Кстати заметим, что символика ян и инь присутствует в шахматах в виде как черных и белых полей доски, так и черных и белых фигур; причем и здесь силы ян и инь, противоборствуя, порой взаимодействуют и переходят одна в другую: король может найти убежище за пешкой противника и получить мат, будучи зажатым своими фигурами.
И еще одна интересная подробность. В эпоху шатранджа партия обычно начиналась не как теперь, а с готовой дебютной позиции, называвшейся табией. Известный английский историк шахмат Гарольд Джеймс Расвин Мэррей (1868–1955) собрал все дошедшие до нас варианты табий, их оказалось 31. И он сам, и его коллеги в разных странах объясняли и объясняют существование табий в шатрандже крайне медлительным характером дебютной стадии: на развитие всех фигур требовалось от 8 до 20 ходов. Однако не стало ли такое объяснение общепринятым просто за неимением другого? Ведь если (в порядке гипотезы) «приложить» к шатранджу «И-Цзин», то сам собой напрашивается вопрос: не являлись ли табии специально разработанными позициями – аналогами гексаграмм, моделировавшими разные жизненные ситуации, дальнейшее развитие которых зависело от игрока?
Сколько всего было табий, до сих пор не известно. Известно лишь число сохранившихся – 31. Но сколько их было изначально? 35? 50? Тогда почему не 64?! Разумеется, подобные предположения основаны всего лишь на совпадениях, но – не слишком ли их много?
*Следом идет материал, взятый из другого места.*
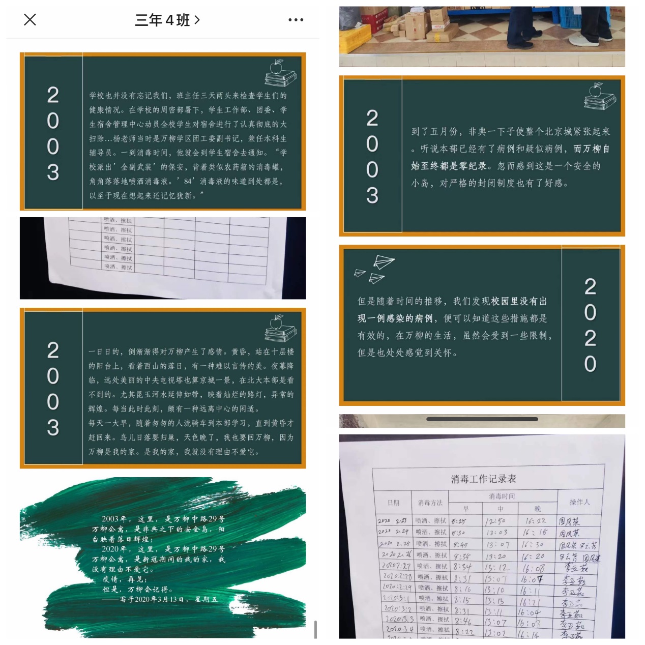 3月13日支部推出“‘四’海同心——2003-2020,我们都住在万柳”主题推文,邀请支部内现留宿万柳公寓的曹榕同学分享介绍学校现行的防疫政策措施,并通过搜集网络资料深情回顾了“非典时期”住在万柳的同学是如何众志成城、克服困难,自始至终保持感染零记录的事迹,图文并茂,让不在校的同学也能感受到学校为保障同学们的安全所作的努力,帮助同学们更好地理解“不得返校”防疫规定的用意,进一步加强了支部的凝聚力,坚定了同学们团结起来、共克时艰战胜疫情的信心。

Если не слишком, то напомним еще одно. В 629 году китайский ученый-монах Сюань Цзан отправился в Индию за буддийскими книгами (сутрами) с целью перевести их на родной язык. Факт зафиксирован хрониками. Здесь важны два существенных момента. Ученым в те времена в Китае мог считаться лишь тот, кто основательно овладел содержанием и духом «канонических книг», первой же в их ряду стоял «И-Цзин». Кроме того, Сюань Цзан отправился в Индию с четко определенной целью, а значит, связи между учеными двух стран существовали и раньше. Таким образом, практически несомненно, что «Книга перемен» еще до VII века была известна в Индии и, наверняка, в других государствах Центральной Азии. А это то самое время, когда на смену чатуранге приходит шатрандж!
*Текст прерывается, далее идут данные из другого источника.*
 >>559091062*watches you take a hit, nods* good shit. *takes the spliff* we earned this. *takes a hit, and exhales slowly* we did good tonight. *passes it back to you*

На «странности» шахматной игры в разные века обращали внимание многие люди, в том числе выдающиеся и великие. Фирдоуси в поэме «Шахнаме» излагает легенду о том, как после смерти отца царевичи Гав и Талханд затеяли междоусобицу и как в разгар битвы Талханд умер на спине своего слона. Чтобы поведать матери, как умер один из ее сыновей, не будучи побежденным в бою, мудрецы изобрели шахматы. Это не первый, но достаточно ясный намек на то, что изначальная задача шахмат – передавать жизненные коллизии.
Лессинг однажды заявил, что «шахматы – слишком игра для науки и слишком наука для игры». Бенджамин Франклин в очерке «Нравственность игры в шахматы» указывал на таинственную взаимосвязь между шахматами и жизнью, а Мигель Сервантес высказался еще определеннее: «Жизнь – это шахматная партия».
Крупнейший русский мастер первой половины XIX века А. Петров отмечал, что «шахматную игру часто уподобляли жизни человеческой, и сравнение шахмат с людьми создавало некогда обширное поле к нравственной деятельности».
Однако наиболее близко к тому, на что, приводя все эти цитаты, намекает автор, подошел известный русский драматург Леонид Зорин. «…Меня всегда мучил вопрос: какова все-таки руководящая идея, заключенная в этой игре? – писал он. – Да и игра ли это? Должно же быть некоторое высшее назначение в этом великом изобретении?..» Не в том ли изначальная и руководящая идея шахмат, «что они являют собой гениально созданную модель жизни с ее вечной борьбой, с ее взлетами и падениями, с частой необходимостью все начинать сначала, упав, подняться и идти дальше?..»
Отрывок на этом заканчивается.